Eliminado para nuestro alivio el cinematógrafo, lo sucede el biógrafo. ¿Cómo reconocerlo, entreverado en muchedumbre inferior? El procedimiento más rápido es el de buscar los nombres de Charlie Chaplin, de Emil Jannings, de George Bancroft, de algunos dolorosos rusos. Es eficiente, aunque demasiado contemporáneo, circunstancial. El de aplicación general (aunque no adivinador como el otro) puede ser formulado así. Biógrafo es el que nos descubre destinos, el presentador de almas al alma. La definición es breve; su prueba (la de sentir o no una presencia, un acuerdo humano) es acto elemental. Es la reacción que todos nosotros usamos para juzgar libros de invención. Novela es presentación de muchos destinos, verso o ensayo es presentación de uno solo. (El poeta o escritor de ensayos es novelista de un solo personaje que es él; los doce volúmenes de Enrique Heine sólo están habitados por Enrique Heine, la obra de Unamuno por Unamuno. En cuanto a los poetas dramáticos —Browning, Shakespeare— y los ensayistas de modo narrativo —Lytton Strachey, Macaulay— son novelistas íntegramente, sin otra diferencia que su menos disimulada pasión). Repito, biógrafo es el que nos agrega personas. El otro, el no biógrafo, el cinematógrafo, está desierto, sin otro sucedáneo de vidas, que fábricas, maquinaria, palacios, cargas de caballería y otras alusiones a la realidad o generalidades fáciles. Es zona inhabitable, cargosa.

Recurrir a Chaplin, para la vindicación perfecta del biógrafo, es obligación que me gusta. No creo haya invenciones más agraciadas. Ahí está su temblorosa epopeya The gold rush, título bien repetido en francés por La ruée vers For y mal en español por La quimera del oro. Recoge uno de tantos minutos. Chaplin, fino compadrito judío, sigue vertiginosamente un camino estrecho, con la pared de la montaña de un lado y el despeñadero del otro. Surge todo un oso y lo sigue. Chaplin, distraído angelicalmente, no se ha fijado. Continúan así unos pocos segundos, que son insostenibles: la fiera casi husmeándole los talones, el hombre haciendo equilibrio con el bastón, con la requintada galera y casi con el negro bigote lineal. El espectador está viendo venir un zarpazo y el despertar despavorido de Chaplin. En eso llega el oso a su cueva y el hombre sigue su camino sin haber visto nada.

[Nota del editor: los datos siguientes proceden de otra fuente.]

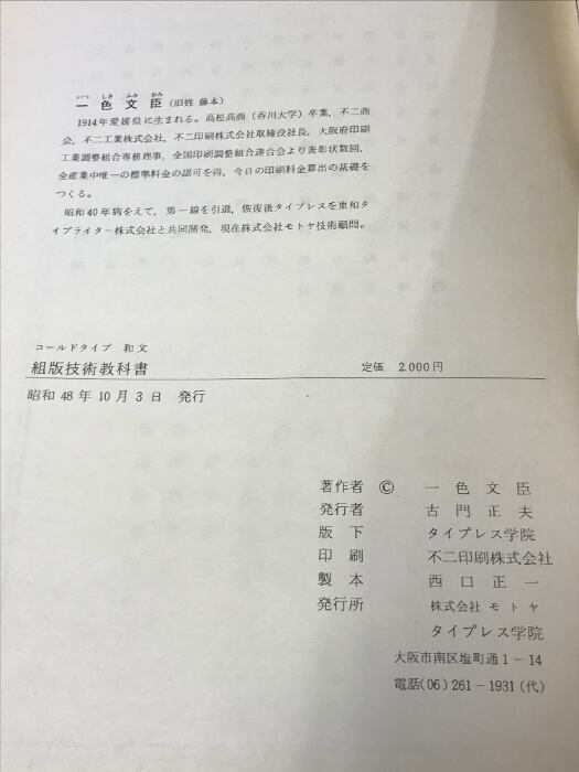 コールドタイプ 和文 組版技術教科書 タイプレス学院 一色文臣 タイプライター
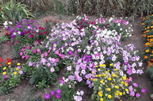 Не смотря на жару, цветники радуют изобилием красок.
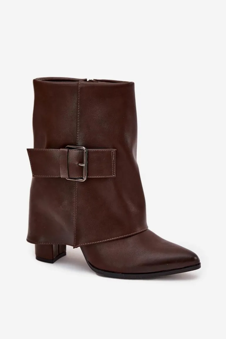 Modne botki z wywiniętą cholewką to doskonały wybór na sezon jesienno-zimowy. Osadzone na obcasie typu słupek, z noskami w szpic, optycznie wydłużają nogi, dodając sylwetce lekkości. Wykonane z eko skóry. Ocieplane kocem obuwniczym, gwarantują ciepło w chłodne dni. Duża klamra na cholewce stanowi subtelny, ale efektowny detal, który nadaje butom wyjątkowego charakteru. Zapinane na zamek. Idealne na każdą okazję, te botki będą eleganckim akcentem w Twoich stylizacjach. Przy wyborze rozmiaru prosimy sugerować się tabelą rozmiarów.
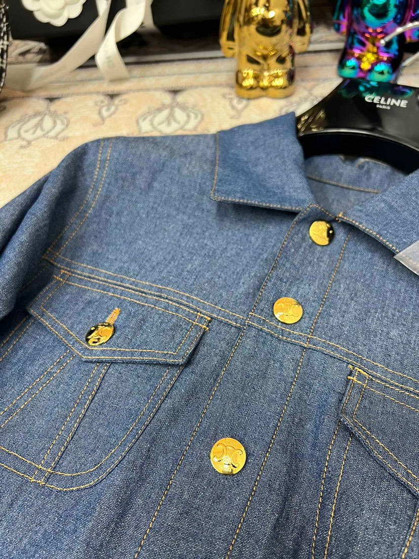 Home / Celine / New Celin 2023 Pre Autumn New Double Pocket Metal Buckle Thin Denim Shirt
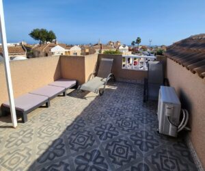 Íbúð í La Mata til langtímaleigu. Íbúðin sem er á efri hæð í 2 hæða húsi, samanstendur af 2 svefnherbergjum, 1 baðherbergi, eldhúsi og stofu. Úr stofunni er útgengt á litlar svalir en einnig er stigi upp á sólþak þar sem tilvalið er að njóta sólarinnar. Þar er grill- og þvottaaðstaða. Íbúðin er staðsett í góðum, lokuðum kjarna þar sem íbúar hafa aðgang að sameiginlegri sundlaug.

La situación ha sido resuelta —o disuelta— mágicamente: eran dos los distraídos en lugar de uno. Dios esta vez no ha sido menos delicado que Chaplin. Escribo otro incidente, edificado también sobre la distracción. Chaplin, enlevitado, incómodo, vuelve millonario de Alaska. Hay peligro de que lo sintamos demasiado triunfal, demasiado parecido a sus dólares. Lo recibe un vapor que parece estar tripulado exclusivamente por fotógrafos adulones. Sobre la cubierta, Chaplin cruza entre filas admirativas. De golpe, ángel guarango, advierte un pucho retorcido en el suelo: se inclina y lo recoge. ¿No es de santo esa distracción? Cada escena de La quimera del oro está así cargada. Además, el destino de Chaplin no es allí el único y eso lo diferencia de los otros puro monólogos de su inventor: El pibe, el circo, Jim, el descubridor de una montaña de oro y que ya no sabe dónde es y que atorra por los burdeles con ese trastornado recuerdo e insobornable olvido; Georgia, la bailarina sin otra fidelidad que su imperiosa belleza, leve sobre la tierra; Larsen, el hombre cuyo saludo es una descarga, el hombre resignado a ser malo, el hombre poseído por esa inocencia mortal de la depravación, son enteros destinos.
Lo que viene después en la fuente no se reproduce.